Cette nouvelle vie lui offrit aussi de nouveaux amis, pour la plupart gentils. Ils devinrent d’ailleurs, avec les professeurs, une sorte de famille de remplacement car Hyuen n'a revu ses parents qu’une ou deux fois depuis qu’il est partit de chez lui. Ces mêmes amis resteront d’ailleurs toujours les mêmes, même maintenant.
Il eut une adolescence plutôt facile malgré, bien évidemment, quelques passages rebelles Il prenait en général assez mal les remarques que l'on pouvait lui faire mais préférait le garder pour lui. Hyuen était connu pour être le Monsieur Catastrophe de la maison, une sacrée réputation qui arriva jusqu’aux oreilles de ceux voulant le fréquenter.
On raconte même qu’alors qu’il se présentait aux dragons en tant que nouveau Meihua, Hyuen se prit les pieds dans son kimono et se retrouva à terre, tout rouge de honte en train de s’excuser mille et mille fois pour qu’on le pardonne.
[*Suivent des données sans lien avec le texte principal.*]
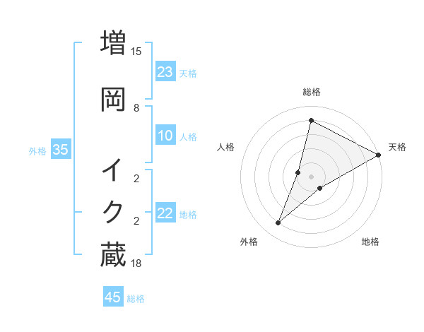 増岡 イク蔵さんの総格は45画の4点!
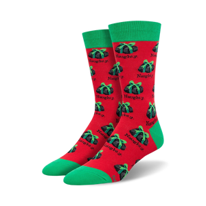 Y'all ready for the sockin' good times of the season? Naughty red socks with their sassy black presents, tied up with green ribbons and topped with a white "naughty" headband, are a holly jolly gift for anyone who knows how to have a good time. These crew-length socks are merry and bright, made just for men, and they're sure to bring all the holiday cheer - who knows, they might even be the present that gets stolen this year!
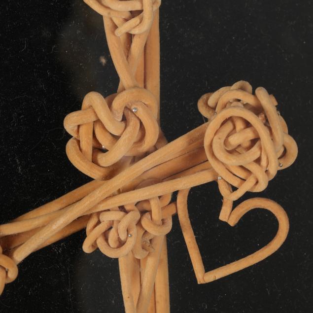 20th century, possibly a sailor's valentine, fibrous cord-like structure knotted in the form of a boom and mast cross, festooned with anchor and heart atop a plank form base, float mounted within an antique giltwood frame with dark upholstered interior.
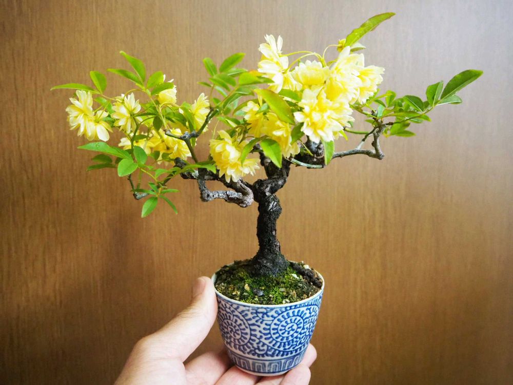 モッコウバラの盆栽仕立て、全く頭になかったです。フェンスに這わせるイメージしかなくて。とっても良いものですねぇ。
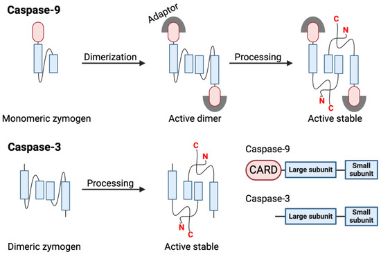 All caspases are obligate dimers in their active conformation; however, executioner (also known as apical caspases) and executioner caspases obtain their active state through different mechanisms (Figure 3). Apical caspases (caspase-8, -9, and -10) contribute with the first proteolytic signal leading to the initiation of apoptosis. Their latent forms (zymogens) are monomeric cytoplasmic proteins. These caspases contain N-terminal domains (CARDs or DEDs) that direct them to their activation modules, by means of homotypic connections to their interacting partner proteins Fas-associated via death domain (FADD) or apoptotic protease-activating factor 1 (APAF-1) [22,23]. The activation of apical caspases occurs via homo-dimerization forced by local concentration increments at their activation platforms, the death-inducing signaling complex (DISC), or the apoptosome [18,24,25,26]. Dimerization promotes a productive active site [18,25,27]. Cleavage alone is not sufficient for a full conversion into the catalytic form of these caspases [28].
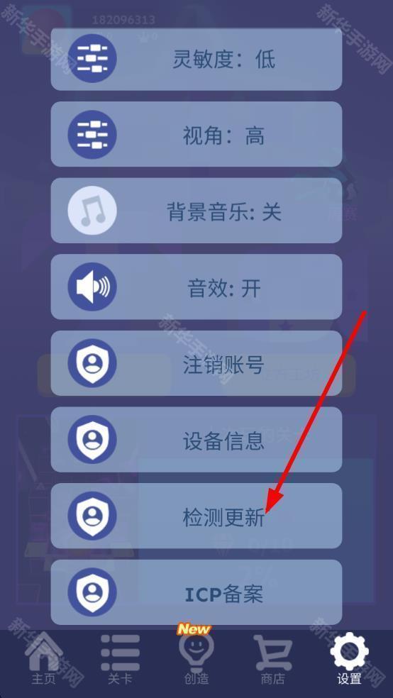 2、在设置界面中找到并点击检测更新选项,弹出更新提示框。
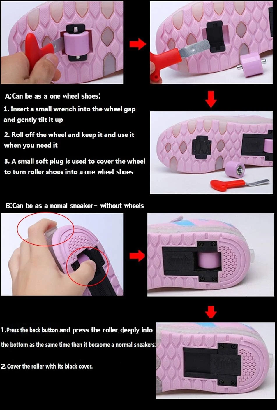 - ●Two wheels-feel like inline skates.the first wheel can be removel, as a single wheels shoes.You can hide the back wheel by pressing button at heels,it will becomes a normal sport shoes.

C’est à ses seize ans qu’on lui présenta son premier amant. Il avait peur même s'il savait qu’il ne devait pas. Il n’était pas encore très à l’aise avec son corps et même si son physique est agréable, il ressentait une sorte de honte à se mettre nu devant un autre homme et le voir le contempler.
Aujourd’hui il a 18ans. Il n’aspire qu’à une chose : rendre encore hommage au dragon qui l’a sauvé et devenir un danseur et un musicien reconnu. Il n’est encore jamais tombé amoureux et ne pense pas spécialement à ça pour le moment. Parce que ça lui est inconnu et aussi parce qu’être amoureux, pour lui qui fait tout de travers, pourrait le mettre dans des situations tellement désagréables.